From: Bob Badour <bbadour_at_pei.sympatico.ca>
Date: Tue, 25 Jul 2006 03:16:07 GMT
Message-ID: <X1gxg.15744$pu3.340040_at_ursa-nb00s0.nbnet.nb.ca>


Brian Selzer wrote:

> "Bob Badour" <bbadour_at_pei.sympatico.ca> wrote in message 
> news:XQ5xg.14298$pu3.333248_at_ursa-nb00s0.nbnet.nb.ca...
> 

>>Brian Selzer wrote:
>>
>>>"Bernard Peek" <bap_at_shrdlu.com> wrote in message
>>>news:xn0ep1e3sn11oo000_at_news.individual.net...
>>>
>>>>In comp.databases.theory Paul Mansour wrote:
>>>>
>>>>>The second is perhaps more profound. Consider a rollback database, or
>>>>>a database that must provide a complete audit trail of every change.
>>>>>For example, the database must provide the answer to "who changed
>>>>>this SS number from X to Y, and when did they change it? As far as I
>>>>>can tell, if there is no way to answer this without an immutable
>>>>>identifier. ( I suppose you could design the DB to handle specific
>>>>>cases, but I'm interested in DBMS with native rollback and audit
>>>>>trail support.)
>>>>
>>>>If what you think of as the key is mutable it's not a natural key.
>>>>Natural keys aren't mutable, at all, ever.
>>>
>>>Untrue! Natural keys are often mutable--especially compound keys.
>>>
>>>>The problem here is that there isn't a usable natural key for
>>>>identifying people. So all that's left are surrogates of varying
>>>>quality. The SSN is a surrogate that works most of the time. If you
>>>>assign someone a payroll number and tell tham that thay won't get paid
>>>>unless they can quote it then you have a close to immutable key. But
>>>>it's still a surrogate.
>>>>
>>>>I think the original post was part correct. Use a natural key when you
>>>>have one. I'd just add to that, don't use a surrogate unless there is a
>>>>compelling reason for it. Efficiency is unlikely to be a compelling
>>>>argument in most cases.
>>>
>>>There is always a compelling reason to use surrogates: natural keys can
>>>change. This makes it difficult--if not impossible--to detect changes to
>>>rows. For example, Bob is preparing to update a row--that is, he has
>>>read the row and is in the process of keying in a change. During that
>>>time, another process updated several rows in the same table. Unless the
>>>key is immutable, when Bob issues the update, there's no guarantee that
>>>the row he's updating is the same one that was read out.
>>
>>So? Bob issues an update statement to change some attribute identified by
>>a logical identifier. As long as the data Bob is entering is correct, why
>>should he care what happens to any other attributes?
>
> He may be overwriting a change made by another user.
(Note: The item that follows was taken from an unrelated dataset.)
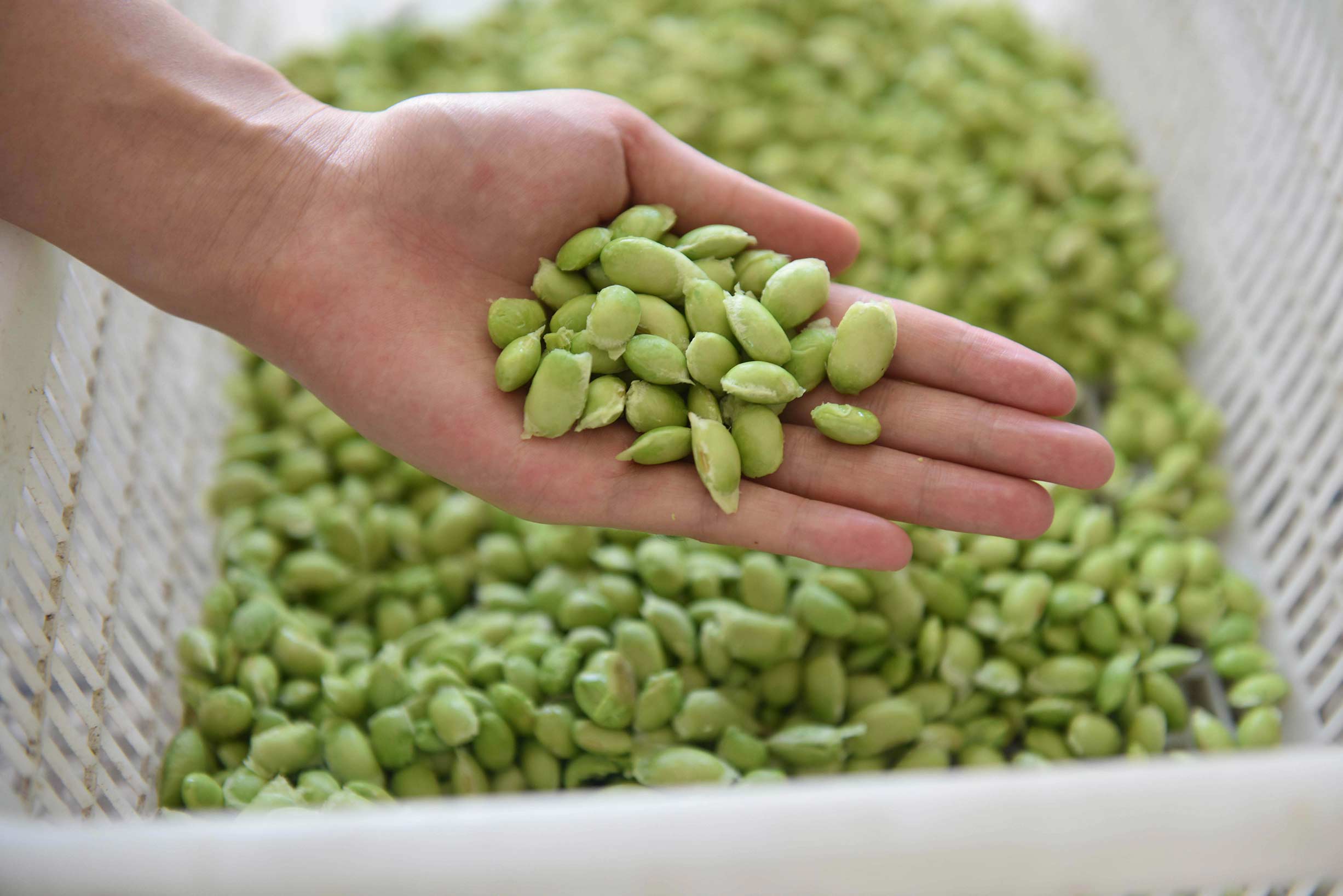 另一款是毛豆脫皮機(jī),這款機(jī)器的特點(diǎn)是剝出來(lái)的毛豆帶衣,顆粒飽滿。以下是試機(jī)效果

The only relevant concern is whether the update is correct. If the update is correct, it matters not at all that it overwrites something, which is presumably no longer correct.

>> This problem is magnified
>>
>>>if there are rows related via a foreign key constraint because it's
>>>possible for the referenced row to appear unchanged. So you're left with
>>>either maintaining an exclusive lock on the row until Bob returns from
>>>the golf outing, or adding additional columns and code in order to
>>>determine with certainty whether or not a change occurred between the
>>>time that a row was read and the time of the update.
>>
>>Or you can just write better applications that don't update anything that
>>didn't change. By introducing some 'under-the-covers' identifying
>>attribute, you create a risk that Bob will change some data identified by
>>a familiar logical identifier and some other process in the meantime will
>>associate that identifier with a different surrogate. Your application
>>will then record the updates against the wrong logical identifier.

> 
> You're missing the point.  The change Bob's making may change the row, but 
> because several changes occurred to the table while Bob was keying in his 
> change, the row he's about to change may represent some other entity 
> altogether.

Using logical identity and natural keys, that's not possible. The key that Bob specifies identifies the entity. And if Bob updates the entire row, the entire row needs updating. I draw your attention, in particular, to my observation that one can just write better applications that don't update anything that didn't change.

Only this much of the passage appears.